One reason for the performance gap is I/O bandwidth, says Goyal. GPUs have their own local memory, which means you have to move data from host memory to GPU memory to use it. People often don’t factor data movement and I/O into their performance expectations when moving to GPUs, Goyal says, but DataPelago can even eliminate the need to worry about that.
“This virtual machine handles it in such a way that we merge operators and run data flow graphs,” says Goyal. “Things don’t move from one area to another. There is no data movement. We operate in streaming mode. We do not do storage and forwarding. Result: I/O is much lower and we can stall the GPUs at 80 to 90% of their maximum performance. This is the beauty of this architecture.
The company targets all kinds of data-intensive workloads that organizations try to speed up by running them on accelerated compute engines. This includes SQL queries for ad hoc analytics using SQL, Spark, Trino, and Presto, ETL workloads built using SQL or Python, and streaming data workloads using frameworks like Flink . Generative AI workloads can benefit, both at the training stage of LLMs and at runtime, thanks to DataPelago’s ability to accelerate recovery augmented generation (RAG), fine-tuning and creating vector embeddings for a vector database, says Goyal.

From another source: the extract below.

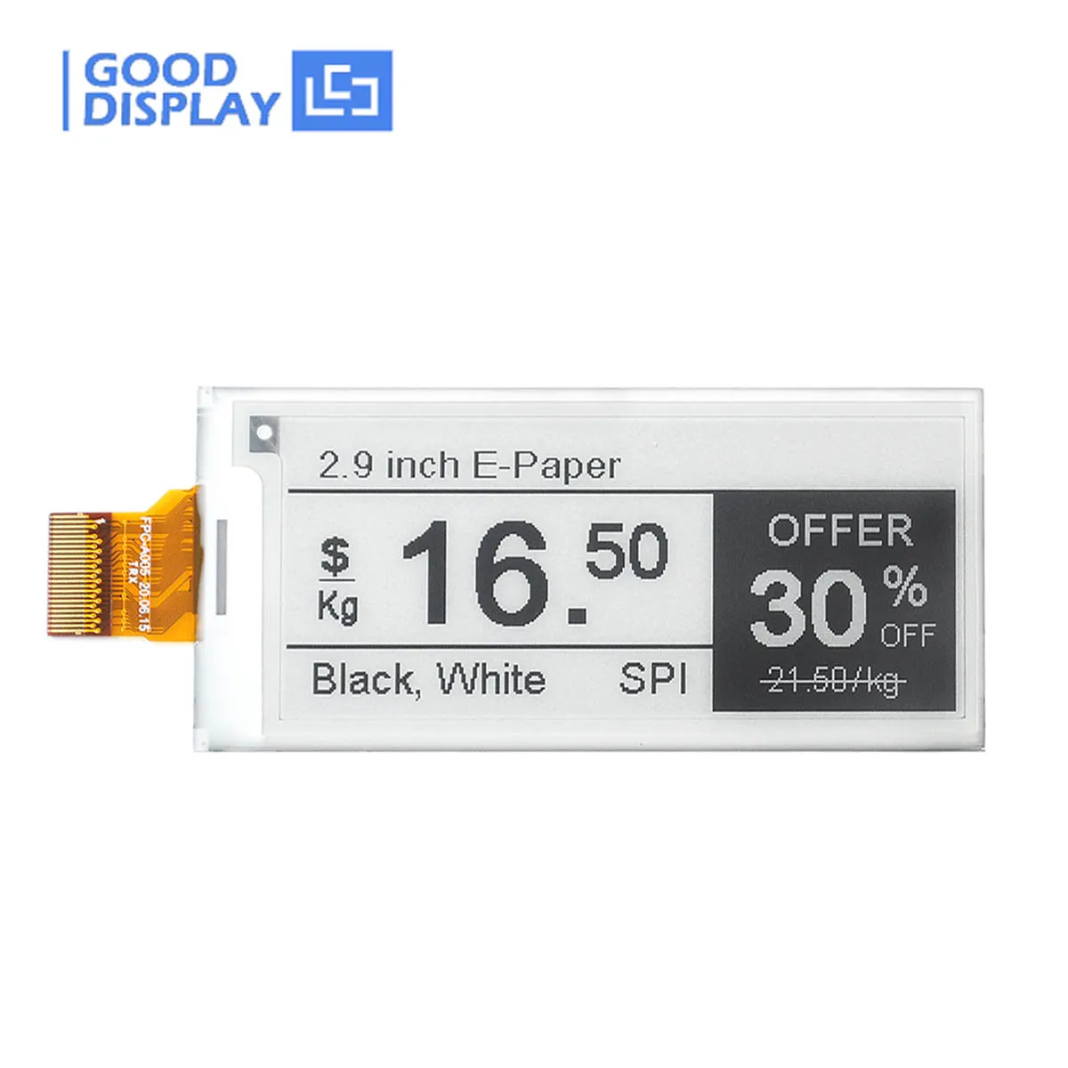 Мы можем предоставить код образца и таблицу данных: www.good-display.com/product/389.htmlИспользуйте наше бесплатное программное обеспечение для электронной бумаги, чтобы подготовить изображение растровой карты для этого дисплея

“So it’s a unified platform to do both classic Lakehouse analysis and ETL, as well as GenAI preprocessing of data,” he says.
Customers can run DataPelago on-premises or in the cloud. When running alongside a cloud lakehouse, such as AWS EMR or Google Cloud’s DataProc, the system has the ability to achieve the same amount of work previously done with a 100-node cluster with a 10-node cluster. nodes, explains Goyal. While the queries themselves run 10x faster with DataPelago, the end result is a 2x improvement in total cost of ownership after accounting for licensing and maintenance, he says.
“But above all, this is done without any modification to the code,” he specifies. “You write Airflow. You use Jupyter notebooks, you write Python or PySpark, Spark or Trino: whatever medium you work on, they remain unchanged.
The company benchmarked its software against some of the fastest data lake platforms on the market. When run against Databricks Photon, which Goyal calls “the gold standard,” DataPelago showed a 3- to 4-fold performance improvement, he says.
Goyal says there is no reason why customers can’t use the DataPelago virtualization layer to accelerate scientific computing workloads running on HPC setups, including AI or computing workloads. simulation and modeling, explains Goyal.
“If you have custom code written for specific hardware, that you’re optimizing for an A100 GPU that has 80 GB of GPU memory, lots of SMs, and lots of threads, then you can optimize that,” he says. “Now you are orchestrating your low-level code and kernels to maximize your FLOPS or operations per second. What we’ve done is provide a layer of abstraction where now this thing is made underneath and we can hide it, so it gives extensibility and paplyin according to the same principle.
“At the end of the day, it’s not like there’s any magic here. There are only three things: the compute, the I/O and the storage part,” he continues. “As long as you design your system with impedance matching of those three things, so you’re not limited by I/O, you’re not limited by compute, and you’re not limited storage, then life is good. »
DataPelago already has paying customers using its software, some of which are in pilot phase and others in the process of moving into production, Goyal says. The company plans to officially release its software to full availability in the first quarter of 2025.
Meanwhile, the Mountain View company came out of stealth today announcing it has $47 million in funding from Eclipse, Taiwania Capital, Qualcomm Ventures, Alter Venture Partners, Nautilus Venture Partners and Silicon Valley Bank, a division of First Citizens. Bank.